(Stored entries)
+===+

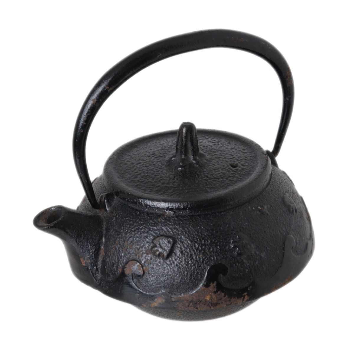 - 南部鉄器 急須 鉄瓶 3型 海 飛ぶ魚 内側ホーロー加工 黒 胴径約10.5×胴高約5.5cm ※蓋・取っ手・注ぎ口含まず NT Bランク
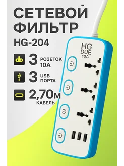 Сетевой фильтр без провода на 2 розетки+3USB HG-275
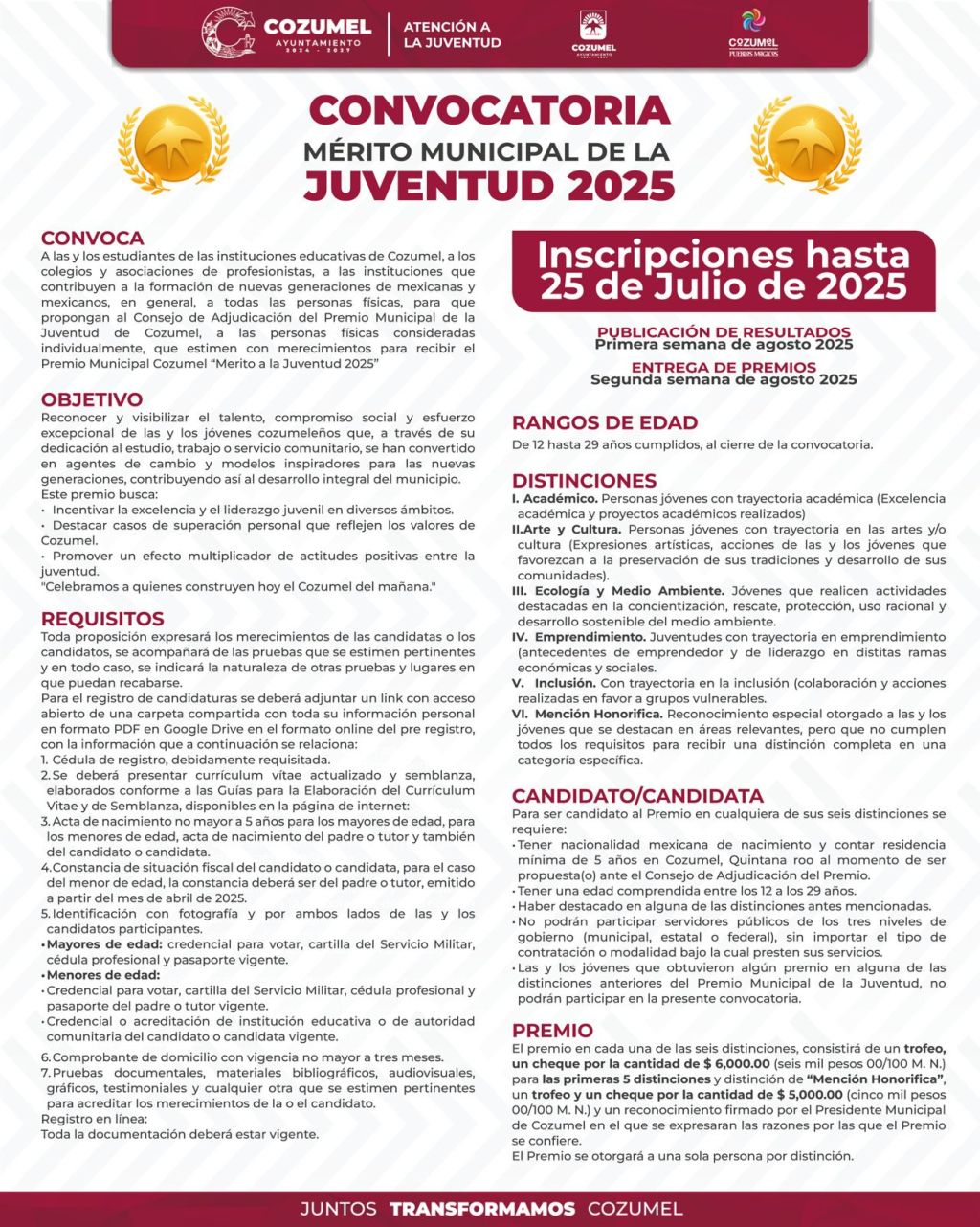 Cozumel, a 10 de julio de 2025.- Con el firme compromiso de reconocer el talento, esfuerzo y compromiso social de las juventudes cozumeleñas, el Ayuntamiento de Cozumel, que encabeza José Luis Chacón Méndez, a través de la subdirección de Atención a la Juventud, lanzó la convocatoria al Premio Municipal de la Juventud Cozumel 2025.
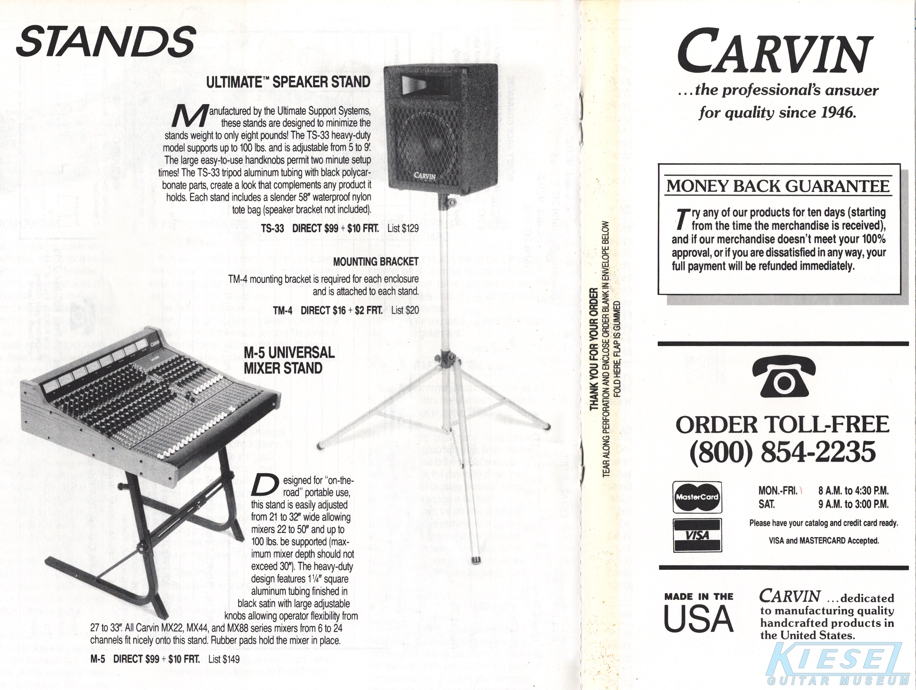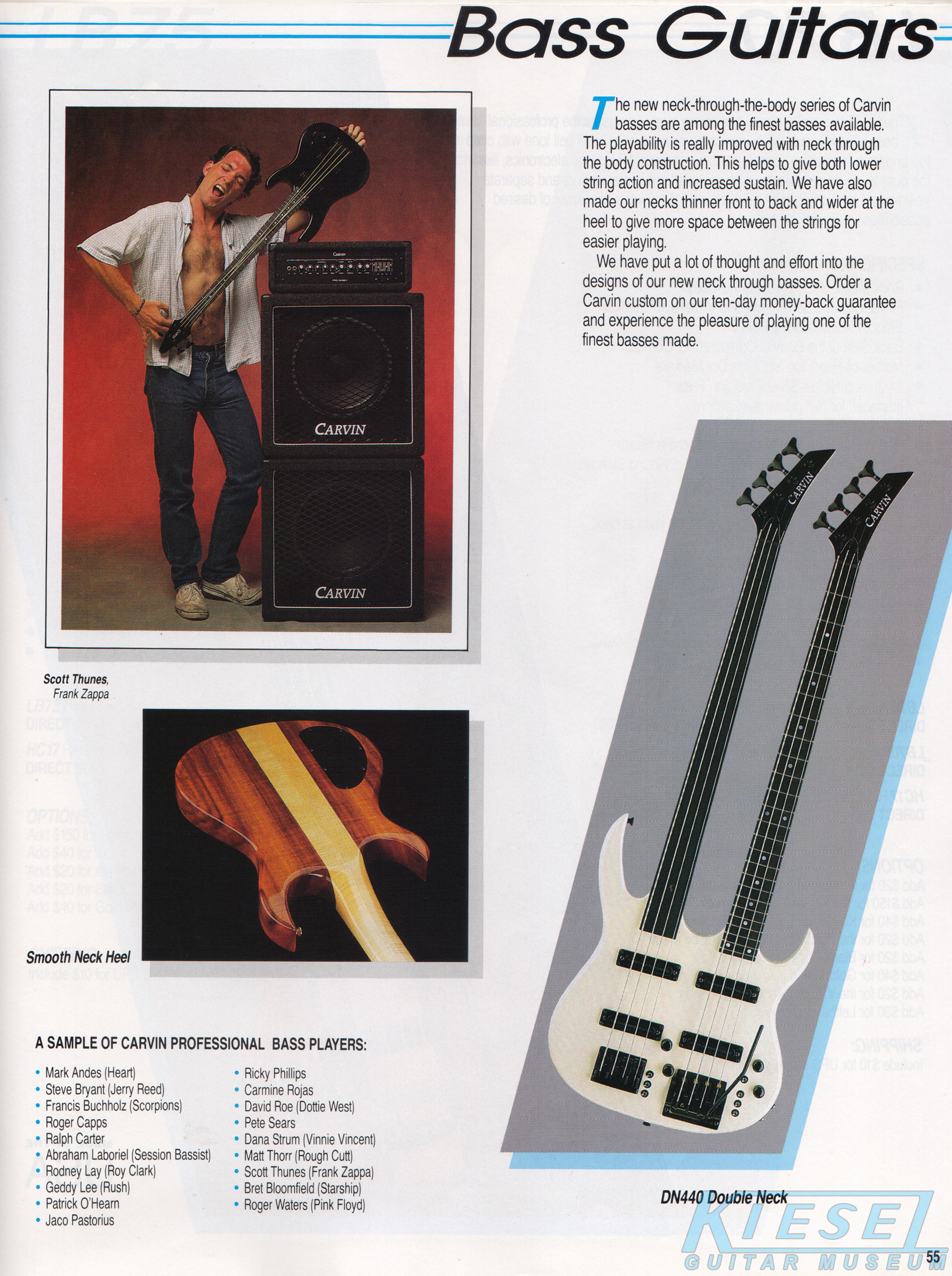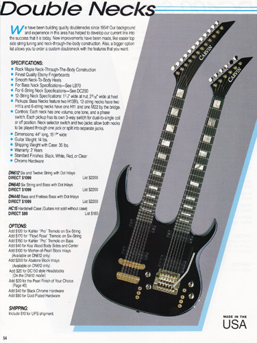 In addition to the other bass models, Carvin introduced the DN440 doubleneck bass, which was also available as the DN640 guitar/bass. The model shown in the catalog is a fretless/fretted, with a Kahler bass tremolo (a $150 option) and finished in Pearl White. This model would stay the same for 1989, and have a new control configuration for 1990. The photo shown in the catalog was the only photo of a DN440 that appeared in any Carvin catalog throughout the run of the model. The base price on the DN440 was $1099 (as was the DN640 guitar/bass), and the HC15 hardshell case was $89.
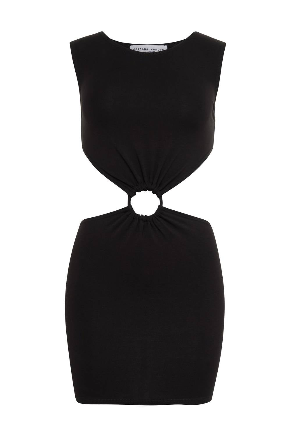 A short and breezy dress for those warmer days.Blend of zesty allure and timeless elegance. Sleeveless, mini bodycon dress is crafted from soft, breathable Modal. Known for its eco-friendly properties. Designed and made in US. Features include a statement cutout back and a distinctive metal ring at the center. Dry clean only to maintain its pristine condition.
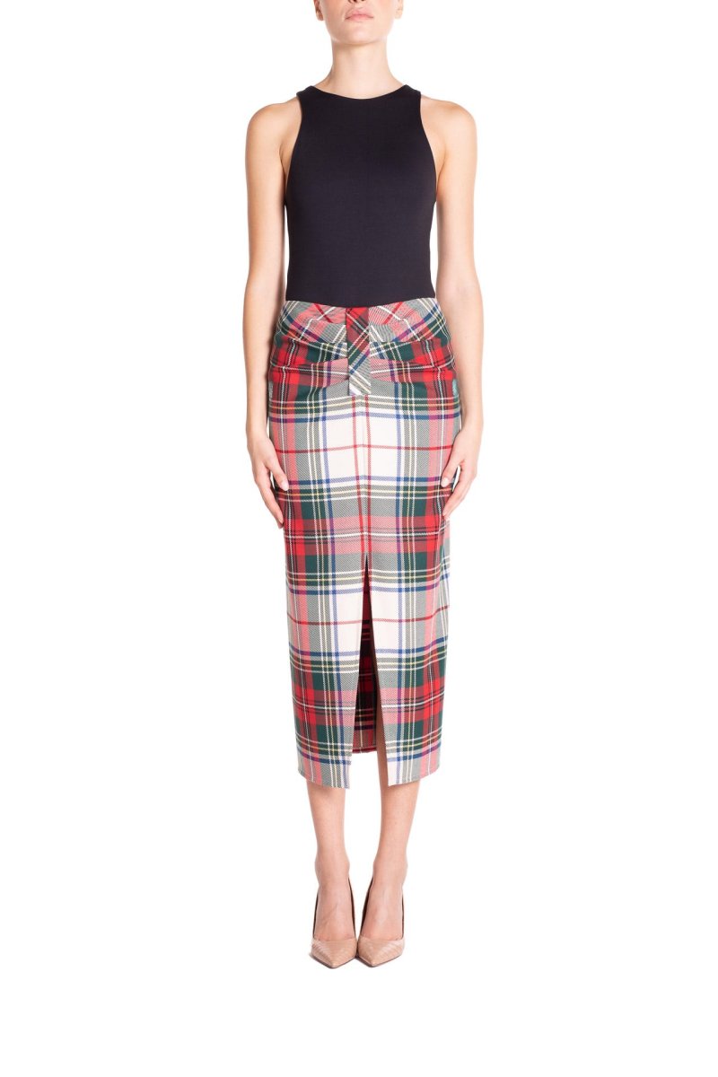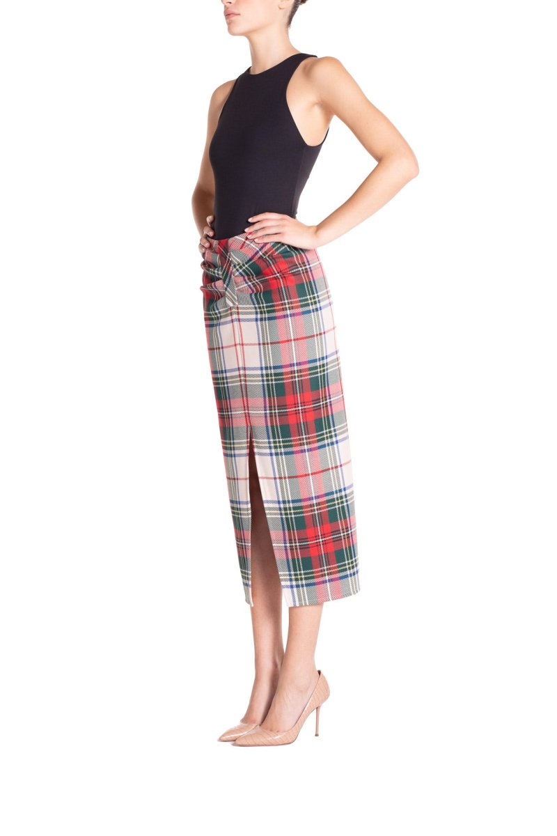 Gonna midi in tessuto scozzese con vita alta e arricciature centrali che valorizzano la silhouette con eleganza. La lunghezza midi dona equilibrio e versatilitร , rendendo questo capo perfetto per look casual chic o outfit piรน raffinati. Disponibile in diverse varianti di tartan, si abbina facilmente a maglioni oversize e sneakers per un look quotidiano, oppure a camicie in seta e stivali alti o dรฉcolletรฉ per un tocco sofisticato.
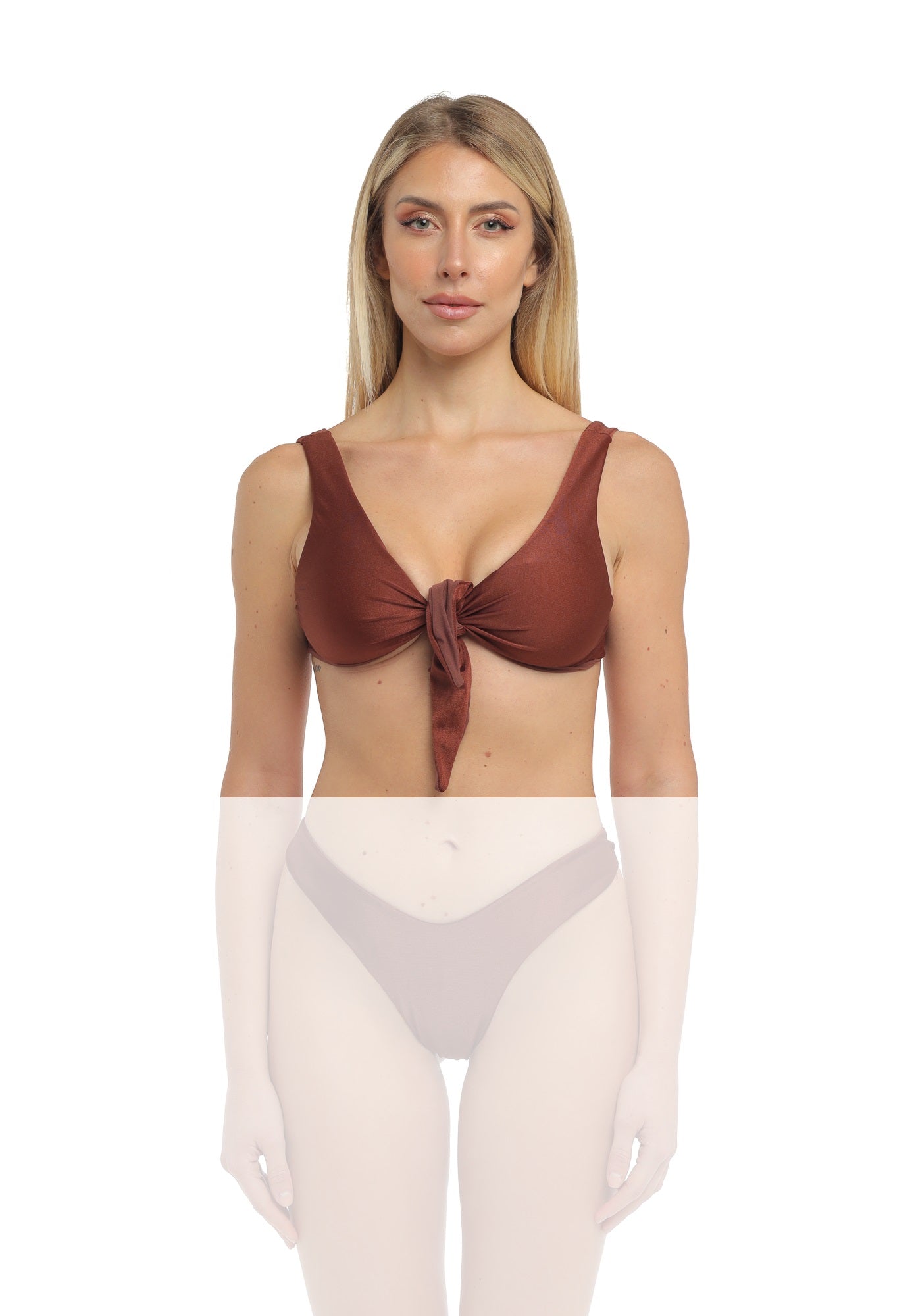 Top fisso a forma di triangolo con nodo centrale regolabile, presenti coppe preformate estraibili
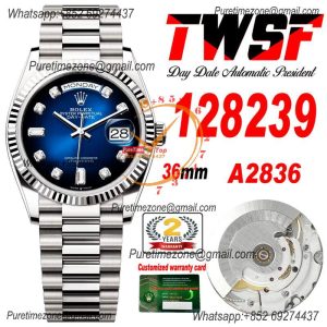DayDate 36 128239 A2836 Automatic Womens Watch Best Edition TWSF Blue Ombre Diamond Dial President Bracelet CHS $528.00 $440.00

+===+

Output exactly, and only, the lines of the entries above from the one with "Сетевой фильтр без" up to and including the one with "Cozumel, a 10"; pictures are to be left out.

 Сетевой фильтр без провода на 2 розетки+3USB HG-275
 Cozumel, a 10 de julio de 2025.- Con el firme compromiso de reconocer el talento, esfuerzo y compromiso social de las juventudes cozumeleñas, el Ayuntamiento de Cozumel, que encabeza José Luis Chacón Méndez, a través de la subdirección de Atención a la Juventud, lanzó la convocatoria al Premio Municipal de la Juventud Cozumel 2025.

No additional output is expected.